Exercise requirements — All of the data should be given again word for word, though the images are to be left out.

Given information —
********
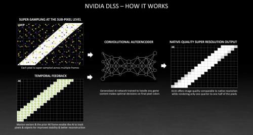 一个特殊类型的AI网络,称为卷积自动编码器,利用低分辨率的当前帧、运动矢量和高分辨率的前一帧,逐像素地确定如何生成高分辨率的当前帧。
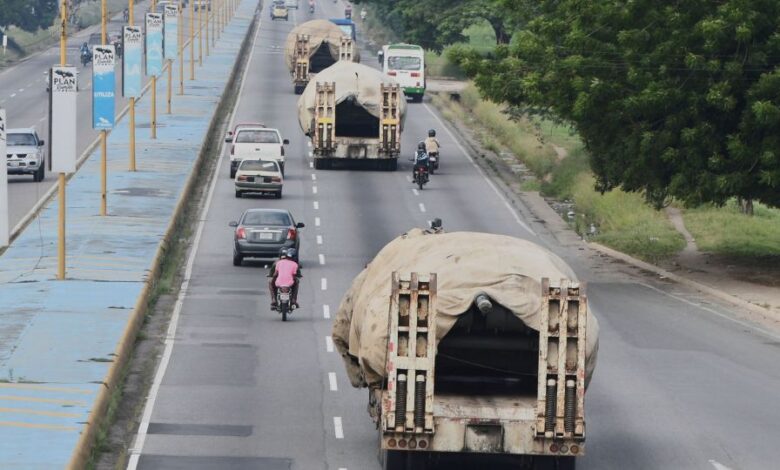 Φορτηγά μεταφέρουν άρματα μάχης ανατολικά από τη Βαλένθια της Βενεζουέλας, μετά την ανακοίνωση της κυβέρνησης για στρατιωτική κινητοποίηση μετά την ανάπτυξη πολεμικών πλοίων από τις ΗΠΑ στα ανοικτά των ακτών της Βενεζουέλας.
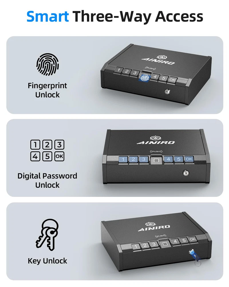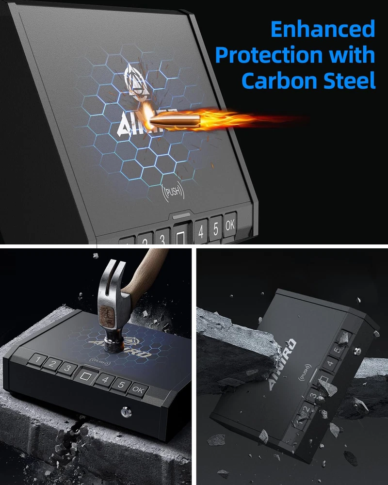 [Advancing Biometric Technology]Quick Access gun safe for guns with just 0.5s biometric technology. Store up to 30 fingerprints for multiple users. Upgraded biometrics guarantee the security of your possessions while providing instant access. You can make sure that your handgun is safely locked away and secure from children getting their hands on it. The gun safe enables swift retrieval during critical moments, granting you invaluable additional time in times of peril. Guard the people and things you cherish. [Smart Three-Way Access]Our mission is to keep your gun in a safe and make sure that only you can get your hands on it with an handgun safe for the nightstand. We offer versatile 3 ways to enter the biometric gun safe, keypad PIN code as well and 2 backup override keys which will make sure you can always quickly access your pistols. [Enhanced Protection with Carbon Steel] gun safe for pistols is constructed using high carbon steel, providing exceptional durability and ultimate protection against thousands of potential attacks. Additionally, the well-built premium metal lock cylinder further enhances the security of your firearms. By storing your guns in our gun lock box, you can rest assured that even in the unfortunate event of a break-in while you're away from home, your handguns will remain securely protected from burglars. [Portable & Large Capacity] Car gun safe can be used for travel, SUVs, and Trucks. Also at home, drawer,in-wall, bedside or under the bed, cabinet, luggage, or other nooks. As a big gun safes for handguns is enough to hold two standard-size regular-frame pistols or your EDCs and gun accessories. Padded with soft foam to prevent scratches. In addition. [What-You-Get] With12-month warranty, and friendly customer service. Size: exterior dimensions are 11.49" x 9.17" x 3.07", and interior dimensions are 10.63" x 6.69" x 2.91".
********
Result for this task —
 一个特殊类型的AI网络,称为卷积自动编码器,利用低分辨率的当前帧、运动矢量和高分辨率的前一帧,逐像素地确定如何生成高分辨率的当前帧。
 Φορτηγά μεταφέρουν άρματα μάχης ανατολικά από τη Βαλένθια της Βενεζουέλας, μετά την ανακοίνωση της κυβέρνησης για στρατιωτική κινητοποίηση μετά την ανάπτυξη πολεμικών πλοίων από τις ΗΠΑ στα ανοικτά των ακτών της Βενεζουέλας.
 [Advancing Biometric Technology]Quick Access gun safe for guns with just 0.5s biometric technology. Store up to 30 fingerprints for multiple users. Upgraded biometrics guarantee the security of your possessions while providing instant access. You can make sure that your handgun is safely locked away and secure from children getting their hands on it. The gun safe enables swift retrieval during critical moments, granting you invaluable additional time in times of peril. Guard the people and things you cherish. [Smart Three-Way Access]Our mission is to keep your gun in a safe and make sure that only you can get your hands on it with an handgun safe for the nightstand. We offer versatile 3 ways to enter the biometric gun safe, keypad PIN code as well and 2 backup override keys which will make sure you can always quickly access your pistols. [Enhanced Protection with Carbon Steel] gun safe for pistols is constructed using high carbon steel, providing exceptional durability and ultimate protection against thousands of potential attacks. Additionally, the well-built premium metal lock cylinder further enhances the security of your firearms. By storing your guns in our gun lock box, you can rest assured that even in the unfortunate event of a break-in while you're away from home, your handguns will remain securely protected from burglars. [Portable & Large Capacity] Car gun safe can be used for travel, SUVs, and Trucks. Also at home, drawer,in-wall, bedside or under the bed, cabinet, luggage, or other nooks. As a big gun safes for handguns is enough to hold two standard-size regular-frame pistols or your EDCs and gun accessories. Padded with soft foam to prevent scratches. In addition. [What-You-Get] With12-month warranty, and friendly customer service. Size: exterior dimensions are 11.49" x 9.17" x 3.07", and interior dimensions are 10.63" x 6.69" x 2.91".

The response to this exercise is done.